Hi there! We're in the process of rewriting our installation scripts (that were previously only used within Docker containers) and hoping to also release a conda package in short time. These sorts of issues should be fixed at that point.
from deepspeed.
When I installed it I did that in the install script (for both the deep speed, apex and requirements). However, there were still issues in that DeepSpeed would not install to the right environment location. Looking at the installation a little more, this seemed more likely an issue with the wheel created for DeepSpeed in the install.sh file. I was able to get it working by forcing pip to install DeepSpeed into the correct location (the same location that Apex was correctly installed to).
from deepspeed.
The repo's install.sh
should respect the environment by default now (sudo
is opt-in).
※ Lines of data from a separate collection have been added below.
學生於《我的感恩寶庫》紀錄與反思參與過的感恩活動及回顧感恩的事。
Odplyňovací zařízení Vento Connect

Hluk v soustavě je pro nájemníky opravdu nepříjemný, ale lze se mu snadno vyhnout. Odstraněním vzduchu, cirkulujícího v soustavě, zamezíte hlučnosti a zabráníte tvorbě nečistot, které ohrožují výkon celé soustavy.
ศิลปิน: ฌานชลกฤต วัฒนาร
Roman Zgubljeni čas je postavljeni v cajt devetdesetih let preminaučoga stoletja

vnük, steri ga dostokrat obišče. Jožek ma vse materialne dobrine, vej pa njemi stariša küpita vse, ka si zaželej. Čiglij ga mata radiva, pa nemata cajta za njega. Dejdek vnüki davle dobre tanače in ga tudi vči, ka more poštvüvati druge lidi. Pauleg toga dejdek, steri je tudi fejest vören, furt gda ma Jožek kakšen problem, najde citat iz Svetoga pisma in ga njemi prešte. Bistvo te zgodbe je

Please let me know if the issue persists.
from deepspeed.
Using the conda install, deepspeed shows up when I run conda list
but it is not available when trying to import in python.
from deepspeed.
Hi @kleingeo, thanks for the report. I can see that on my end now as well. Not sure what happened...I'm looking into it.
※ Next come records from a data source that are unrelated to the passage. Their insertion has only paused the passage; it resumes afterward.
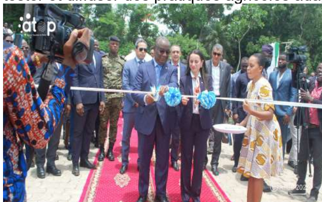
Coupure du ruban symbolique

d'approvisionnement en engrais et semences améliorées, des équipements de mécanisation, une ferme modèle ainsi que des parcelles de démonstration destinées à tester et diffuser des pratiques agricoles adaptées aux réalités locales.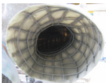
Blick in neuen rechten Arm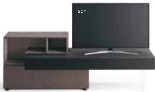
Lampo Open 3 L / W 2100 x H 735 x P / D 354 / 546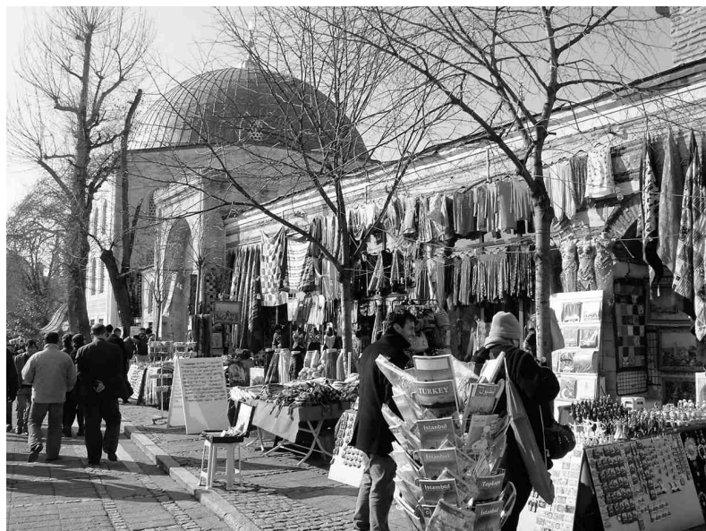
Tirgotava Stambulas centrā.

Visjaukāko pieredzi guvām kādā Kaiseri vispārīgā skolā, kur vērojām angļu valodas stundu 11.c klasē. Enerģisks skolotājs ar kuplām ūsām visu mācību stundu darbojās ar trīs teikumu formu iemācīšanu saviem atsaucīgajiem skolēniem. Jā, tādi viņi bija - gatavi skriet pie tāfeles, ja skolotājs tikai paskatījās uz viņiem, nemitīgi līdz domājoši, aktīvi. Tiesa gan, tā kā valodu viņi mācās tikai trešo ga-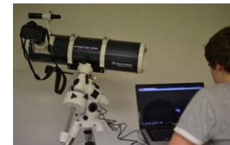
Un élève traitant sur ordinateur une image prise avec un appareil photo branché sur un télescope.

Utilisation des outils informatiques de traitement d'images.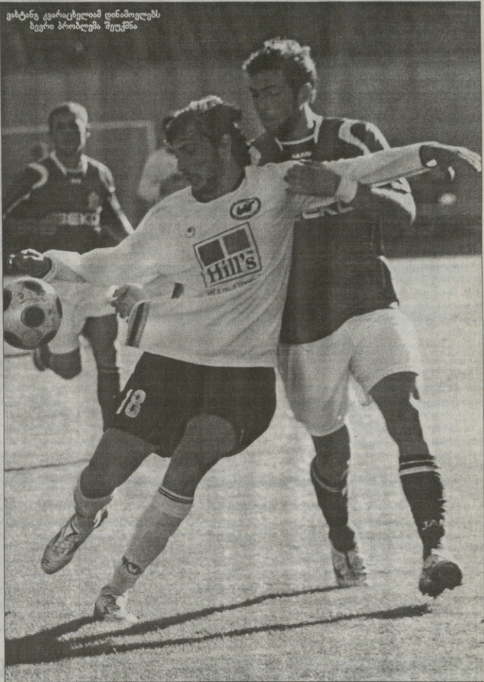
გატანე ვარჯიხელიამ დინამოელებს ბეგირ პრობლემა შეექმნა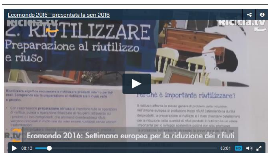
Servizio sulla Conferenza Stampa di lancio nazionale della SERR ad Ecomondo

ECOMONDO 2016 - RIDUCI, RIUSA, RICICLA: PRESENTATA L'EDIZIONE 2016 DELLA SERR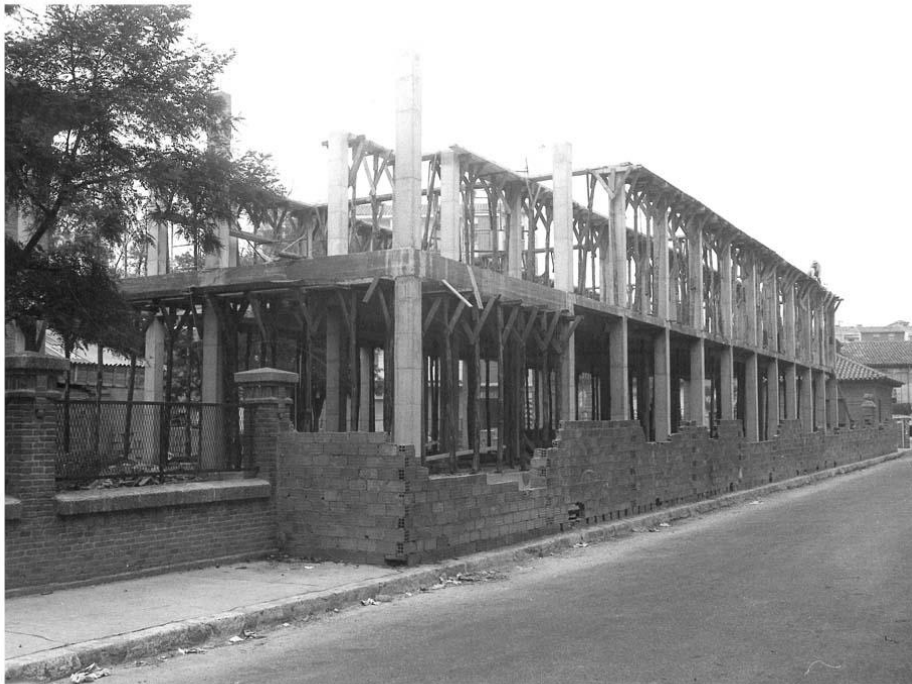
Armazón de la Construcción del edificio del Gimnasio, visto desde la calle de San Sebastián. Al fondo la antigua casa de la Portera.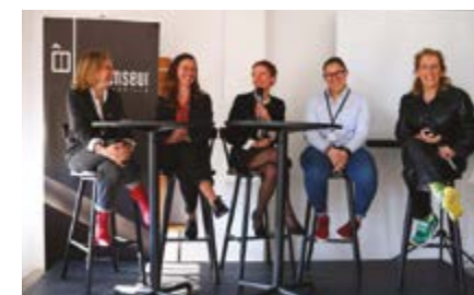
/ Mouvement de l'inclusion économique 2023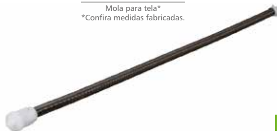
ME 22 Mola para tela* *Confira medidas fabricadas.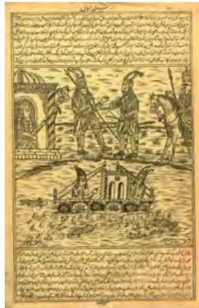
تصویر ۸. «رزم تن به تن امیر ارسلان با دیو»، به رقم محسن تاجبخش.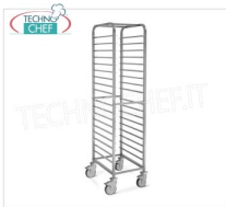
GN 1/1, Saldato, Mod.2062S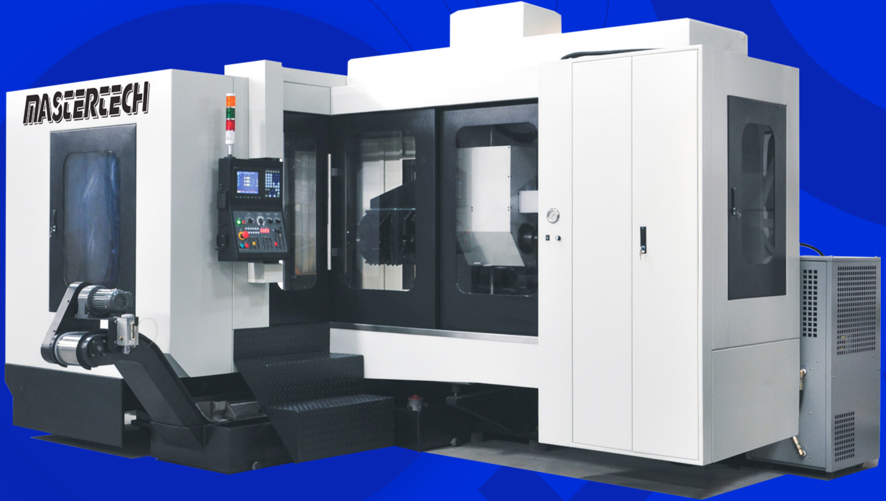
NCS-1300 CNC Derin Delik Delme Tezgahı

Interestingly, the deepspeed
entry point looks fine and is found in my $PATH
after installation. And I can see the DeepSpeed library installed under ~/miniconda3/envs/test/lib/python3.7/site-packages/deepspeed/
(where test
is my conda environment name), and also see the expected ~/miniconda3/lib/python3.7/site-packages
in my sys.path
...so I'm not sure why the deepspeed library is not importable.
from deepspeed.
Yes, I remember having this problem a lot when trying to install deepspeed normally with the install.sh file. With a normal python virtual env it works, but for some reason with Conda, it consistently tries to install to another location. The only thing I found to work was to force pip (when using conda) to force the install location to where the install.sh file installs Apex.
from deepspeed.
@ShadenSmith , it is easier to install deepspeed via your conda command than 'install.sh' (prone to fail). In the deepspeed channel, only early-version deepspeed exists.
conda search -f deepspeed -c deepspeed
Loading channels: done
deepspeed 0.1.0 py3.6_cuda10.0.130_0 deepspeed
deepspeed 0.1.0 py3.6_cuda10.1.243_0 deepspeed
deepspeed 0.1.0 py3.7_cuda10.0.130_0 deepspeed
deepspeed 0.1.0 py3.7_cuda10.1.243_0 deepspeed
When do you plan to release new conda version of deepspeed with Zero2?
Thanks
from deepspeed.
Hi @jdongca2003, I have some time to dedicate to the DeepSpeed's conda infrastructure now that the v0.2 release is complete. I'm looking at improved packages (per the above bug report) and automating the package build process.
from deepspeed.
@ShadenSmith Thanks. I tested your conda deepspeed package on https://github.com/microsoft/DeepSpeedExamples/tree/master/cifar.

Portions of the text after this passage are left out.